# Cold front crappie



## Carpman (May 18, 2005)

Hit up clear fork. Sure wish they would open the gates to the parks! Anyway, parked at the gate and walked into the handicap area. Slayed them. Kept the 5 crappie that were over 9" and let probably 200 go between 2 of us in 4 hours. Just cause it's cold doesn't mean the fish aren't in their spawning beds. Just proves wrong the people that say the weather effects when fish spawn. Fish have a biological clock and they follow it every year. 
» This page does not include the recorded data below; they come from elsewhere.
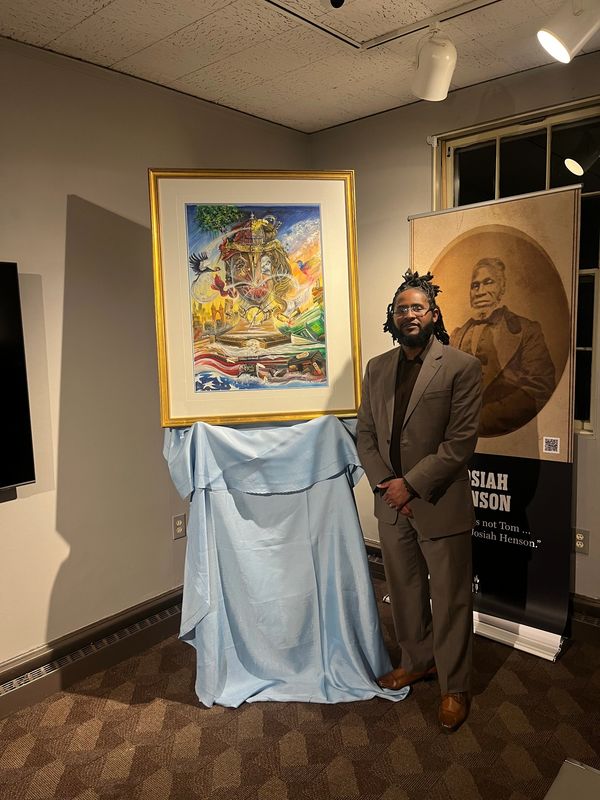 "Harrietsβ Inconvenient Truths (H.I.T.)" is an evocative acrylic and collage piece that explores the duality of American history through two Harriets: Stowe, author of Uncle Tom's Cabin, and Jacobs, a former slave and abolitionist voice. Born from workshops at Hartfordβs Stowe Center for Literary Activism, the artwork blends surrealism and symbolism, using flooded cabins, torn chains, and juxtaposed paths to portray resilience, justice, and transformation.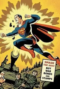 ![]() Kal-L as the original iteration of Superman, battles the Axis powers during World War II, as appeared on a variant cover of Action Comics 1000 (March 2018) by Michael Cho. | |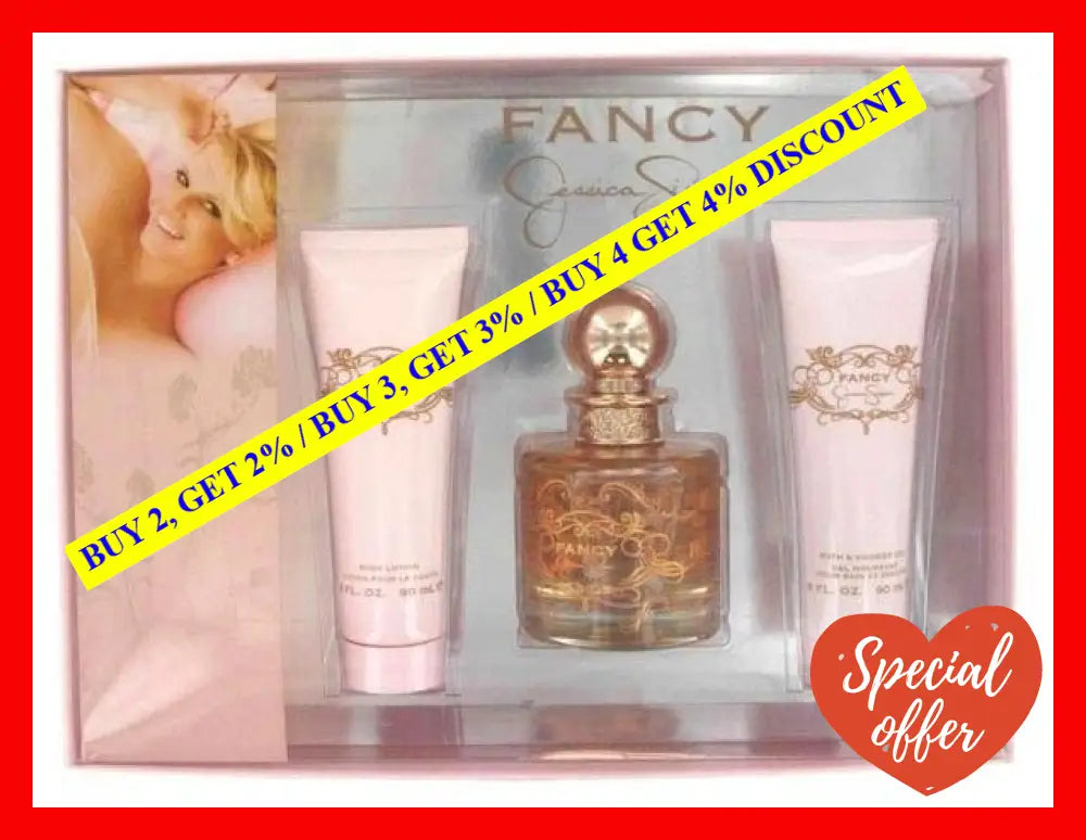 Introducing 'Fancy' by Jessica Simpson, a stunning fragrance that captures the essence of femininity and elegance. Delight your senses with this 3-piece gift set, which includes a 3.4oz Eau de Parfum spray, a 3oz body lotion, and a 3oz bath & shower gel.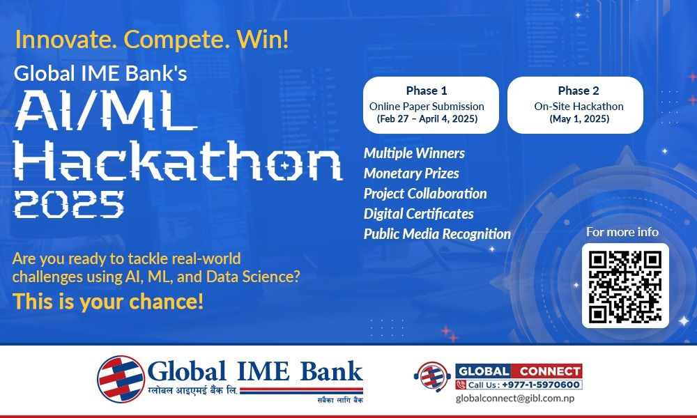 काठमाडौँ । ग्लोबल आइएमई बैंक लिमिटेडले पहिलो पटक आर्टिफिसिएल इन्टेलिजेन्स (एआई) र मेसिन लर्निङ (एमएल) सम्बन्धी ग्लोबल आइएमई एआई एमएल ह्याकाथन आयोजना गर्ने भएको छ । बैंकले प्रविधिमा रुची राख्ने विद्यार्थी, स्टार्टअप, डेभलपर, डेटा वैज्ञानिक तथा अनुसन्धानकर्ताहरुलाई लक्षित गर्दै...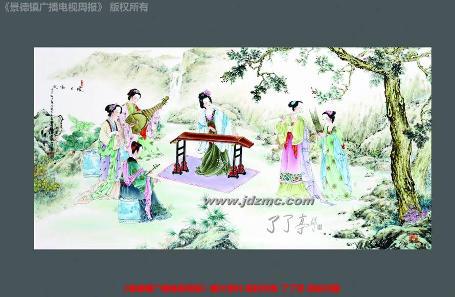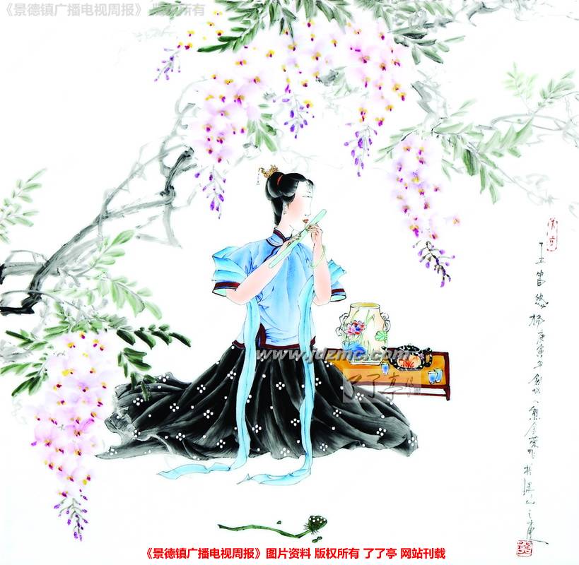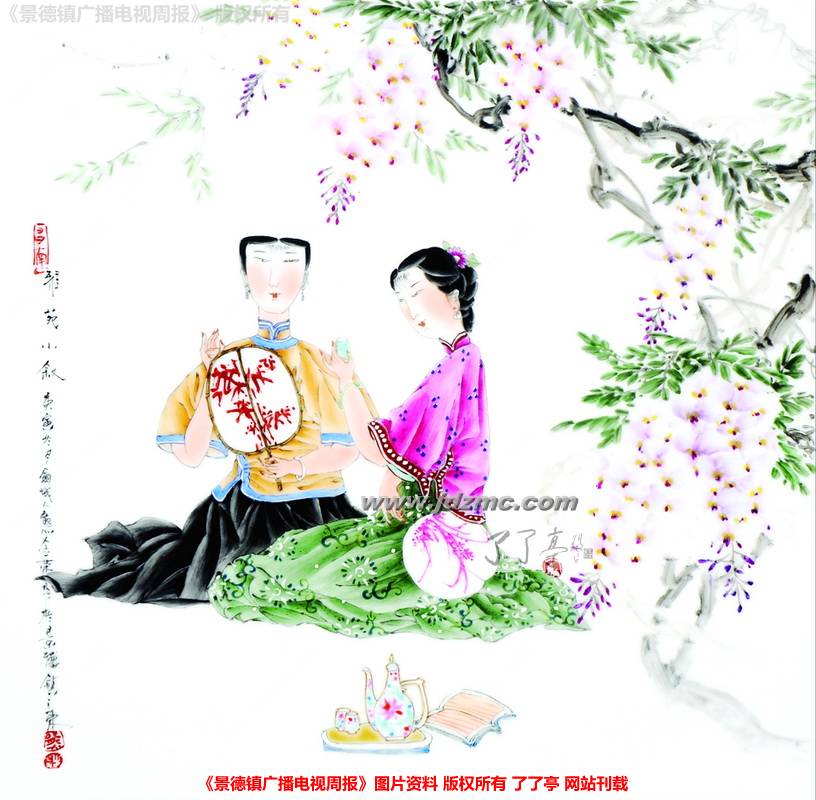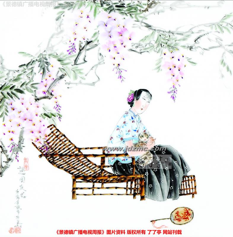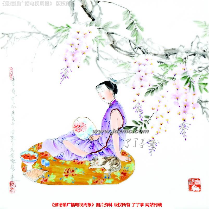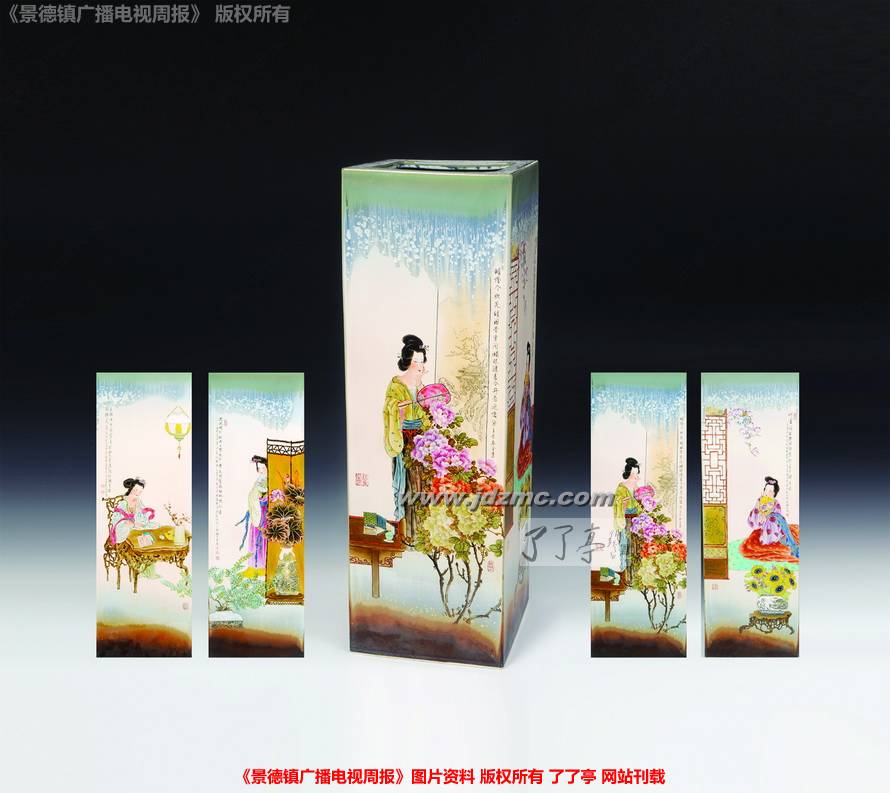 熊金荣带着些许期盼再次参加了杭州艺博会,《唐韵》就挂在他展位显眼的位置,凡经过此处的参观者都会停下脚步,仔细端详一番瓷画中的几位变形的美女,她们是那么的气定神闲,是那么得让人具有想象的空间。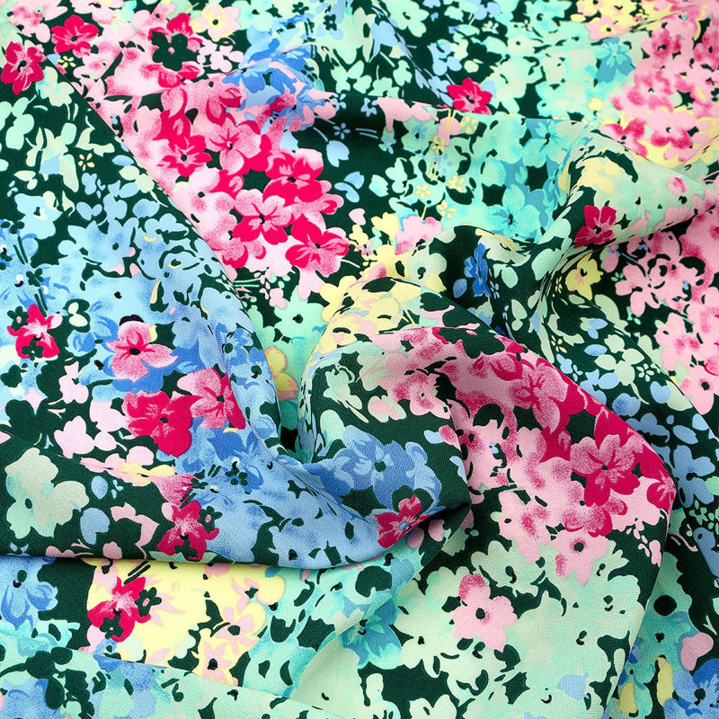 کرپ نخ طرح گلدار آبرنگی 031123 یشمی رنگ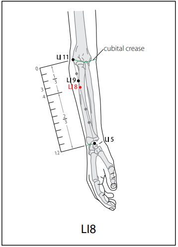 Note: LI8 is located at the junction of the upper one third and lower two thirds of the line connecting LI5 with LI11, 1 B-cun inferior to LI9.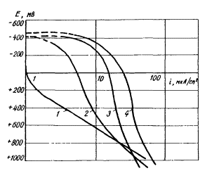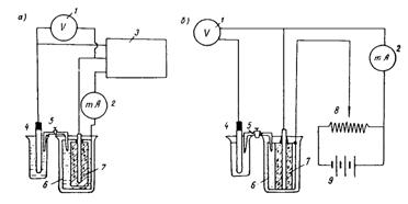 Рис. 1. Схема установки для снятия потенциостатических (α) и гальваностатических (δ) поляризационных кривых 1 - высокоомный вольтметр; 2 - миллиамперметр; 3 - потенциостат П-5327; 4 - электрод сравнения; 5 - электролитический ключ; 6 - вспомогательный электрод; 7 - образец; 8 - переменное сопротивление; 9 - источник тока 2.6. Перед снятием поляризационных кривых бетон образцов насыщают водой. Для этого необходимо выдержать образцы в воде в течение 3 сут. Образцы из бетона плотной структуры следует насытить водой в вакууме или кипячением. Затем торец образца скалывают, обнажив стержень на длине около 1 - 2 см, и место выхода стали из бетона изолируют лакокрасочным покрытием. 2.7. Подготовленный образец устанавливают в электрохимическую ячейку и определяют величину стационарного потенциала. При снятии поляризационной кривой потенциодинамическим методом с помощью потенциостата в автоматическом режиме поляризуют образец со скоростью 6 - 7,2 В/ч, измеряя величину тока через каждые 50 - 100 мВ изменения потенциала. При гальваностатическом методе измеряют стационарный потенциал в отсутствие наложенного тока, затем отдельными ступенями накладывают ток плотностью 1; 5; 10; 15; 20; 25; 30; 40; 50; 60; 80; 100; 300 и 500 мкА/см2. После наложения каждой ступени тока несколько раз с выдержкой 5 мин. измеряют потенциал. Последующую ступень тока накладывают, если в течение 5 мин. величина потенциала изменилась не более чем на 10 %. Поляризацию следует продолжать до установления потенциала +1000 мВ по насыщенному каломельному электроду для хорошо поляризующихся электродов или тока плотностью 500 мкА/см2 при слабой поляризации. 2.8. После снятия поляризационной кривой с помощью моста переменного тока следует измерить сопротивление между рабочим и вспомогательным электродами. 2.9. Результаты испытаний оформляют в виде графиков в координатах: по оси абсцисс - плотность тока в мкА/см2, по оси ординат - потенциал в мВ, При построении кривой из величины потенциала необходимо вычесть поправку на омическое сопротивление, которая получается умножением величины сопротивления на величину тока. Если электрохимическая ячейка имеет сопротивление менее 500 Ом, поправку на омическое сопротивление можно не делать. 2.10. При анализе анодной поляризационной кривой (рис. 2) обращают внимание на следующие величины: стационарный потенциал ЕСТ, потенциал пассивации ЕПАСС, потенциал пробоя пассивной пленки ЕПР, ток пассивации iПАСС, ток при потенциале +300 мВ и ток пробоя пассивной пленки iПР. При анализе результатов испытаний рекомендуется использовать следующие критерии, приведенные в табл. 1. Метод ускоренного определения эффективности ингибиторов коррозии стали в агрессивных растворах * 2.11. Метод предназначен для быстрого выбора ингибиторов коррозии стали в агрессивных растворах хлористых солей, модельных электролитах (вытяжках из бетона) и определения необходимой концентрации ингибиторов. Он позволяет в одном опыте установить критическую концентрацию СаС12 при заданной концентрации ингибиторов. * Метод разработан НИИЖБ (канд. техн. наук Н.К. Розенталь), ВЗИСИ (канд. техн. наук Н.М. Кашурников) и ИФХ АН СССР (канд. хим. наук Ю.И. Кузнецов). 2.12. По результатам испытаний строят кривые "время - ток" (хроноамперометрические кривые) при постепенно возрастающей концентрации СаС12. Стальной электрод погружают в раствор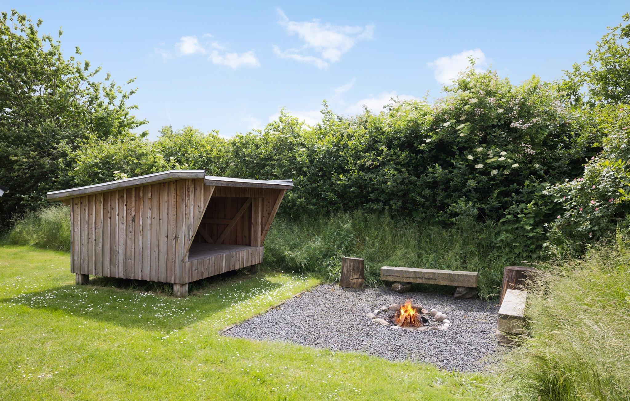Flyt måltiderne udenfor, når vejret er godt, og nyd solen på terrassen, mens børnene leger og gynger. Om aftenen kan I samle hele familien til et hyggeligt lejrbål ved shelteren.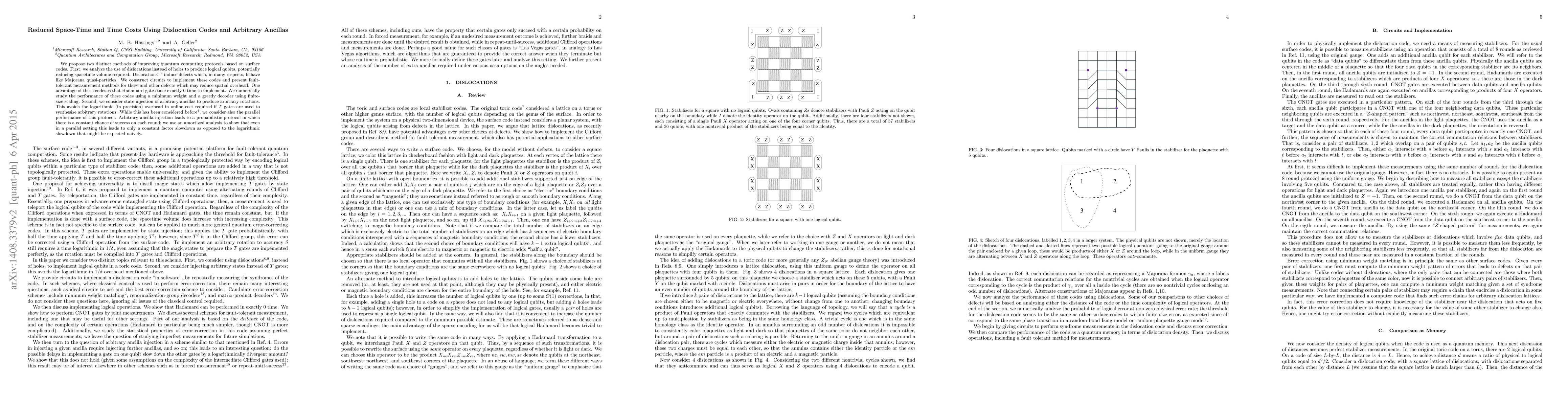 We propose two distinct methods of improving quantum computing protocols based on surface codes. First, we analyze the use of dislocations instead of holes to produce logical qubits, potentially reducing spacetime volume required. Dislocations induce defects which, in many respects, behave like Majorana quasi-particles. We construct circuits to implement these codes and present fault-tolerant measurement methods for these and other defects which may reduce spatial overhead. One advantage of these codes is that Hadamard gates take exactly $0$ time to implement. We numerically study the performance of these codes using a minimum weight and a greedy decoder using finite-size scaling. Second, we consider state injection of arbitrary ancillas to produce arbitrary rotations. This avoids the logarithmic (in precision) overhead in online cost required if $T$ gates are used to synthesize arbitrary rotations. While this has been considered before, we consider also the parallel performance of this protocol. Arbitrary ancilla injection leads to a probabilistic protocol in which there is a constant chance of success on each round; we use an amortized analysis to show that even in a parallel setting this leads to only a constant factor slowdown as opposed to the logarithmic slowdown that might be expected naively.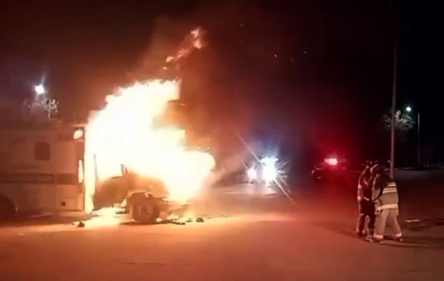 Elementos de Protección Civil y Bomberos así como oficiales de la Policía Municipal acudieron al sitio y encontraron el vehículo de la UAZ envuelto totalmente en llamas, por lo que comenzaron las maniobras para controlar y sofocar el fuego.

Every fish I caught was colored up for spawning. They are in the typical spawning areas at clearfork, Knox, Charles mill, and pleasant hill. Just gotta brave the cold and go get em'


----------



## JIMSWHIM (Aug 20, 2007)

Hi carpman, I don't want to know where you fished at clearfork but I would like to know if you used minnows and where did you get them ? The bait shops I stopped at don't have any yet. Did you use wax worms ? Thanks ! Jim


----------



## Carpman (May 18, 2005)

Mikes bait is open on 97 as of a couple days ago. I fished the handicap dock at the park. No secret there. There were 20 people catching with me!


----------



## "chillin" (Apr 20, 2012)

Bahhahahaha! This is hilarious. Best one yet. If the crappie are spawning I'll streak up an down my street buck naked.


----------



## polebender (Oct 29, 2011)

April 1st isn't til Wednesday! So your a little early on both!&#128516;


----------



## Salmonid (Apr 14, 2004)

well they are certainly in a prespawn cycle now, meaning moving close to the banks and still schooling so if you can get on a school, it would certainly appear like they are spawning, LOL I got a 12" female Black from my pond yesterday that was in total war paint, spewing eggs as I lipped her before the release. the are getting close and like all species, there will be a few weeks of overlap durring the spawn. I agree another 14-21 days and they will be smashed up against the banks and brush but like I said, if you can find the schools that are moving in from deeper water fishing can be fabulous...

Salmonid


----------



## jray (Jan 20, 2006)

[quote="chillin";1989710]Bahhahahaha! This is hilarious. Best one yet. If the crappie are spawning I'll streak up an down my street buck naked.[/quote]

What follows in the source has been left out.